The simplest way to put our method to practical use is to make the alarm go off each time the above analysis indicates that the subject is asleep. Since our method robustly predicts wakefulness, we can reliably claim that a subject is indeed awake whenever our method indicates him/her to be awake. In formal terms this means we have many false positives – instances of the method indicating sleep while subject is (most probably) awake. Of course, from the practical viewpoint, false positives are more desirable than false negatives – instances when the method indicates wakefulness while the subject is asleep. Nevertheless, for our method to be of practical use, we need to examine how false positives can be reduced. To this aim we study more closely the performance of our method in the vicinity of the onset of sleep. We report again the data from Figure 9 but this time zooming to the time window of 2 h around the self-reported time of falling asleep (1 h before and 1 after). The results are shown in Figure 10, where we magnify the information from the panels on the left side of Figure 9, around the onset of sleep. Recall that this determination of awake status is independent from subject’s self-reported information. For the case (a), our method indicates that subject is classified asleep much before he reported to be asleep. While such a conservative determination is in principle desirable for practical purposes, this situation is a false positive that can hinder the operation of the alarm system. On the other hand, our method performs best in case (c), where the subject’s status comes out as awake almost entire actual awake time and as sleep almost immediately after the subject (most likely) fell asleep. Cases (b) and (d) are again showing the conservative performance of our method, indicating that subjects are asleep before they (most likely) were actually sleeping. This could be due to them relaxing for the bed time, which is reflected in their cardiorespiratory interaction that gradually becomes more “sleep-like.” Nevertheless, in the context of realistic applications of our method, excessive relaxation can lead to fading of vigilance so triggering an alarm in such a situation could be a good strategy.

FIGURE 10.

FIGURE 10

(A) Zoom to the onset of sleep for male subject, 21 years of age. Red line indicates the consciousness status determined by our method as a binary value (sleep or awake) within time window of 1 h prior and 1 h after the self-reported time of falling asleep. Green dashed line is the self-reported information. (B) The same for female subject, 23 years of age. (C) The same for male subject, 49 years of age. (D) The same for female subject, 50 years of age.
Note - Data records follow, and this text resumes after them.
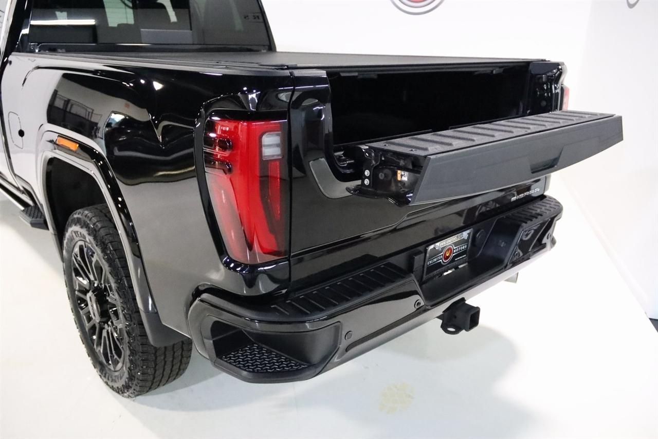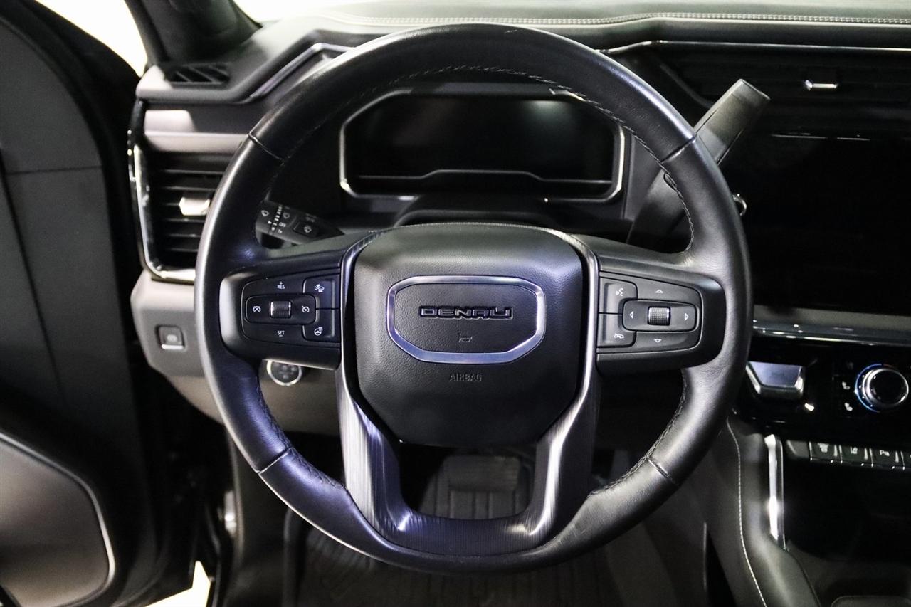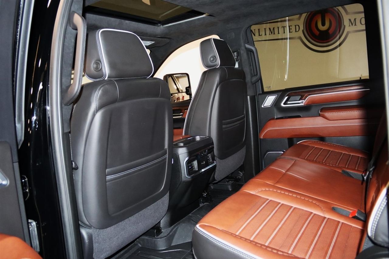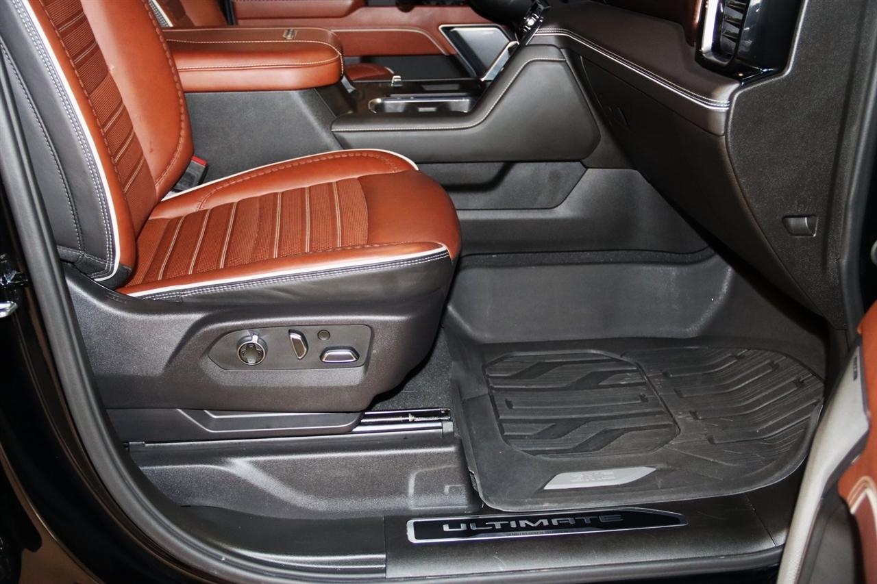 Navigation, Bluetooth, Back Up Camera, Heated Seats, Touch Screen, 120-Volt Bed Mounted Power Outlet, 120-Volt Instrument Panel Power Outlet, 16-Way Power Driver Seat Adjuster w/Lumbar, 16-Way Power Passenger Seat Adjuster w/Lumbar, 2 Charge-Only Rear USB Ports, 2 Charge/Data USB Ports Inside Center Console, 2 USB Ports, 2-Speed Active Transfer Case, 220-Amp Alternator, 3.42 Axle Ratio, 4-Wheel Disc Brakes, ABS brakes, Air Conditioning, Alloy wheels, Apple CarPlay/Android Auto, Auto High-beam Headlights, Auto-dimming door mirrors, Auto-dimming Rear-View mirror, Automatic Emergency Braking, Automatic temperature control, Bed View Camera w/2 Trailer Camera Provisions, Block heater, Body Color Wheel Arch Moldings (LPO), Bose Premium Series 12-Speaker System, Brake assist, Buckle to Drive, Bumpers: body-color, Compass, Deep-Tinted Glass, Delay-off headlights, Driver door bin, Driver Memory, Driver vanity mirror, Dual front impact airbags, Dual front side impact airbags, Dual Heavy-Duty 70 Amp Battery, Electric Rear-Window Defogger, Electronic Stability Control, Emergency communication system: OnStar and GMC connected services capable, Floor-Mounted Center Console, Following Distance Indicator, Forward Collision Alert, Front anti-roll bar, Front Bucket Seats, Front Center Armrest, Front dual zone A/C, Front fog lights, Front Pedestrian Braking, Front Rain-Sensing Wipers, Front reading lights, Front wheel independent suspension, Full Grain Leather Seat Trim, Fully automatic headlights, Garage door transmitter, Genuine wood dashboard insert, Genuine wood door panel insert, GMC Connected Access Capable, Gooseneck/5th Wheel Prep Package, HD Surround Vision, Heads-Up Display, Heated 2nd Row Outboard Seats, Heated door mirrors, Heated Driver & Front Outboard Passenger Seats, Heated front seats, Heated rear seats, Heated steering wheel, Hill Descent Control, Hitch Guidance w/Hitch View, Illuminated entry, In-Vehicle Trailering System App, Inside Rearview Auto-Dimming Rear Camera Mirror, Integrated Trailer Brake Controller, IntelliBeam Automatic High Beam On/Off, Keyless Open & Start, Lane Departure Warning System, Leather steering wheel, LED Cargo Area Lighting, LED Smoked Amber Roof Marker Lamps, Low tire pressure warning, Manual Tilt-Wheel/Telescoping Steering Column, Memory seat, Multicolor 15" Diagonal Head-Up Display, Navigation System, Occupant sensing airbag, Off-Road Suspension, OnStar & GMC Connected Services Capable, Outside temperature display, Overhead airbag, Overhead console, Panic alarm, Passenger door bin, Passenger vanity mirror, Pickup Box, Power door mirrors, Power driver seat, Power Front Passenger Windows w/Express Up/Down, Power moonroof, Power passenger seat, Power Sliding Rear Window w/Defogger, Power steering, Power Sunroof, Power windows, Preferred Equipment Group 5SB, Premium audio system: Premium GMC Infotainment System, Push Button Start, Radio: AM/FM w/Premium GMC Infotainment System, Rain sensing wipers, Rear Cross Traffic Alert, Rear reading lights, Rear seat center armrest, Rear step bumper, Rear Wheelhouse Liners, Rear window defroster, Remote keyless entry, Remote Vehicle Starter System, Safety Alert Seat, Security system, Signature Denali Grille in Vadar Chrome, SiriusXM w/360L, Speed control, Speed-sensing steering, Split folding rear seat, Spray-On Bedliner w/Denali Logo, Steering Wheel Audio Controls, Steering wheel mounted audio controls, Tachometer, Technology Package, Telescoping steering wheel, Tilt steering wheel, Traction control, Trailer Cam Provisions & Trailer Viewing Software, Trailer Side Blind Zone Alert, Trailer Tire Pressure Monitor Sensors, Trip computer, Turn signal indicator mirrors, Ultrasonic Front & Rear Park Assist, Unauthorized Entry Theft-Deterrent System, Universal Home Remote, Variably intermittent wipers, Ventilated Driver & Front Passenger Seats, Ventilated front seats, Voltmeter, Wheels: 22" High Gloss Black Aluminum (LPO), Wireless Charging, Wireless Phone Projection, X31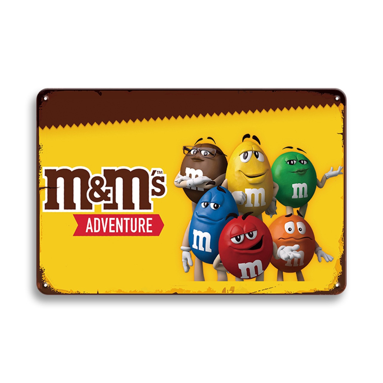 ポップでカラフルなM&M’sキャラクターたちが集合した楽しいデザインのブリキ看板。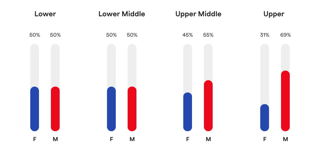 Proportion of female and male colleagues by pay quartile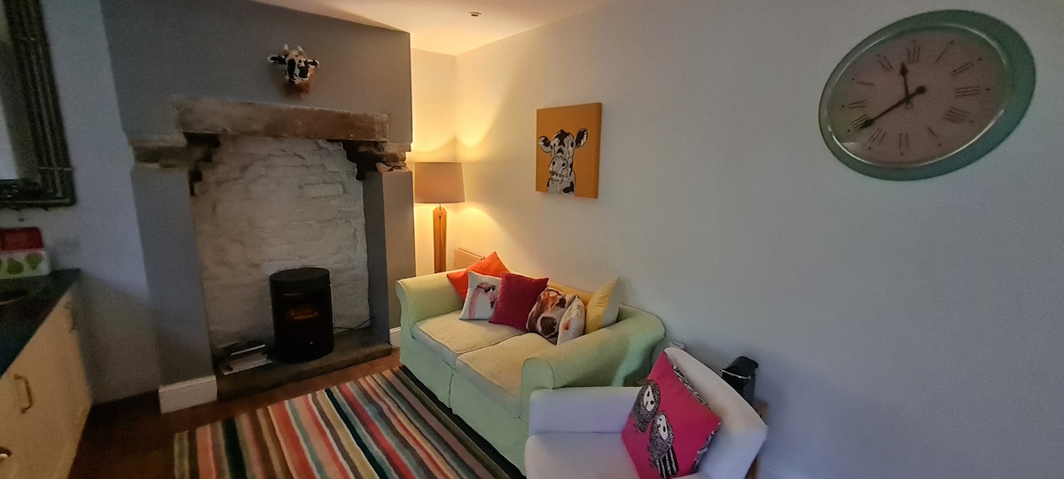 Splendido cottage di campagna, piccolo e accogliente, nel pittoresco villaggio di Delph, sulle colline di Sadddleworth, nel West Yorkshire. Il Dairy Cottage è nascosto e offre una vista sulle colline, ma si trova a 2 minuti a piedi dal grazioso centro del paese, attraversato da un fiume, e vicino ai servizi del paese, come bar, pub, negozi e così via. Splendida camera da letto con lussuoso letto matrimoniale alla francese, soggiorno/cucina con caminetto elettrico a legna, cucina attrezzata, lussuoso bagno con doccia (spazio semi-aperto, vedi foto), patio soleggiato.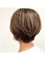 後頭部に丸みを出し、顔周りはスッキリ乾かすだけで楽ちんスタイル。カラーは,白髪ぼかしハイライトで明るめベージュに。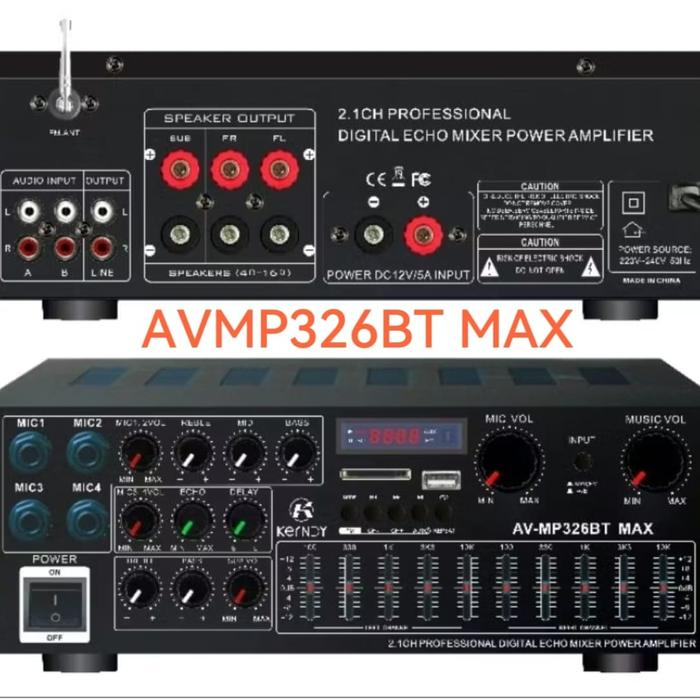 Amplifier Kerndy Bluetooth 5.3 Eq Audio Av326Bt Max Channel 2.1 Full Bass′ Subwoofer Amplifier Karaok Home Theater Kern

To further improve the precision of detecting the exact moment of fading vigilance, we note that above results are obtained using only one shapelet. And even if this shapelet is the best shapelet, it is likely that classification via other shapelets will also contain useful information. Therefore, it makes sense to average the results obtained via several different shapelets (not necessarily best), expecting that each of them (depending on its size and position) will contribute additional information. To this aim we re-do the analysis from Figure 10, but now we average over 50 randomly chosen shapelets. Randomization is done not just via level, but we also introduce a random shift (not just half length as in Figure 3), and take shapelets from random location during 24 h. Averaging over all 50 thus obtained classifications, we obtain the results shown in Figure 11, where consciousness state is a continuous value ranging between 0 (sleep) and 1 (awake). Lines, colors and time window are as in Figure 10.

FIGURE 11.

FIGURE 11

Zoom to the onset of sleep as in Figure 10, but this time calculated via 50 randomly chosen shapelets as described in the text (not via single best shapelet). The consciousness status is no longer binary (0 or 1), but a continuous value ranging between sleep (0) and awake (1). (A) Male subject, 21 years of age. (B) Female subject, 23 years of age. (C) Male subject, 49 years of age. (D) Female subject, 50 years of age.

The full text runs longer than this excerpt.